November 30, 2000 | By: Laura Skillman

Byproduct feeds such as soyhulls and dry corn gluten can replace more expensive feed ingredients in feeding postweaned calves, according to University of Kentucky beef specialists.

Four trials and one demonstration involving 283 weaned calves studied the effects of various alternative feeds, and researchers found that calves can make rapid and efficient gains during short postweaning feeding periods.

The research also found that soyhulls and corn gluten feed worked better than other alternatives.

"Some high fiber byproduct feed can be excellent substitutes for corn in high forage diets. Depression of forage digestibility, sometimes seen with high starch supplements, is minimized with these high fiber supplements," said Roy Burris, UK Extension beef specialist at the UK Research and Education Center in Princeton.

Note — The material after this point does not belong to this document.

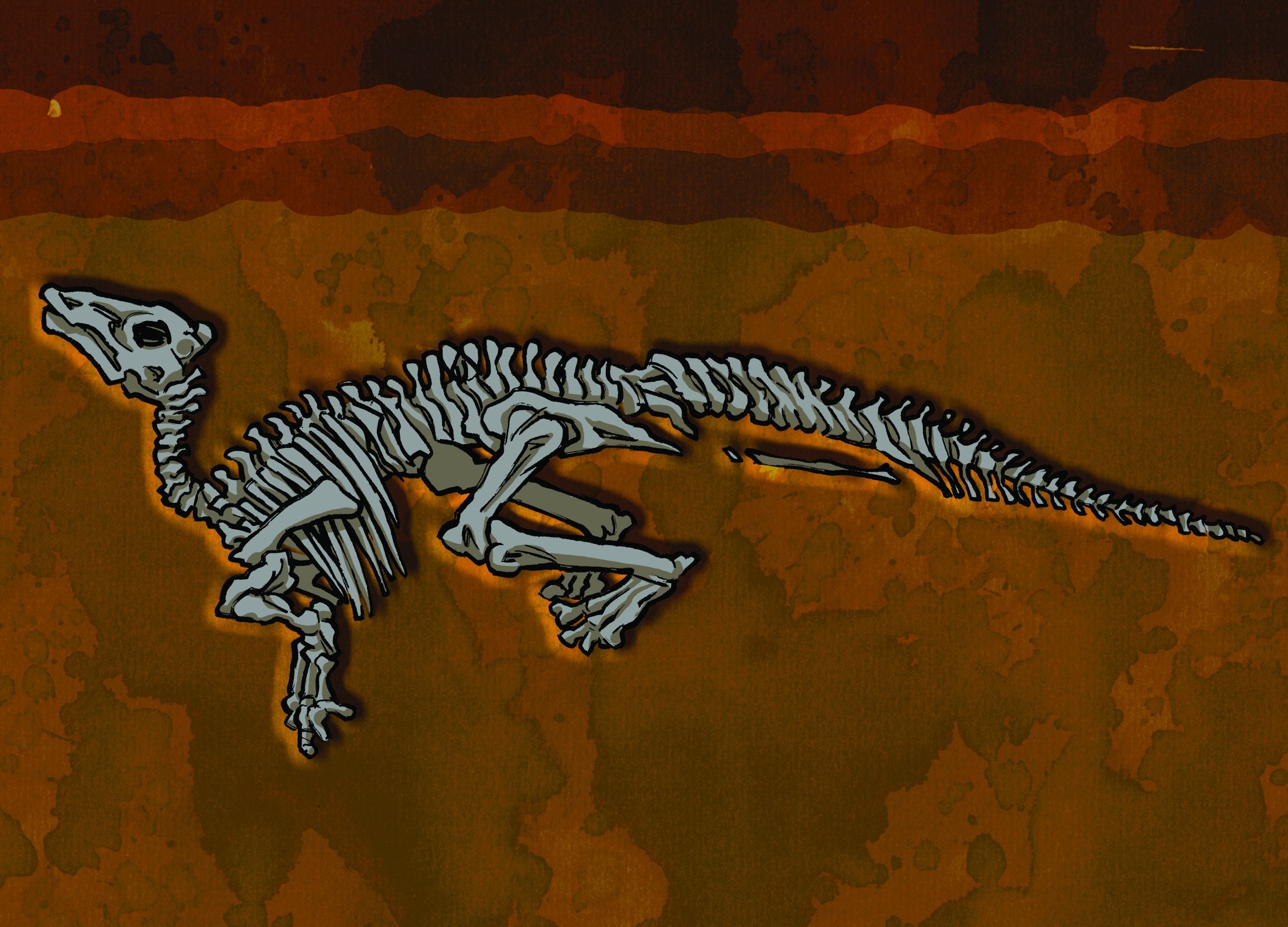Heavy rains gradually washed in enough sand and gravel to bury her bones. These deposits built up over thousands of years, burying her remains hundreds of metres deep. The calcium in her bones, molecule by molecule, was replaced by minerals from these deposits, turning the bones to stone.

Some byproduct feeds are high in fiber, but the fiber is highly digestible. Highly digestible fiber sources can give performances similar to, or greater than, starch-type supplements such as corn, he said.

The soyhulls are also palatable to calves and less likely to cause founder or acidosis than grains. When available at prices competitive with corn, these products can be excellent feeds to use when forage utilization is a priority, Burris said.

Soyhulls are the seed coats on soybeans left from the processing of soybean meal. Corn gluten is a byproduct of the wet milling process.

Farmers across Kentucky, and particularly in western Kentucky, are feeding more and more soyhulls Burris said. The hulls fed with forage are a good source of feed for cattle while saving farmers money, he said.

"Some cattlemen in this area of the state are feeding more than 100 tons of soyhulls in their operations," he said.

The key to successful use of the byproduct feed is to ensure that it contains 13 percent protein to provide the needed protein for the calves development. It may require mixing of products such as a combination of soyhulls and corn gluten to attain that level.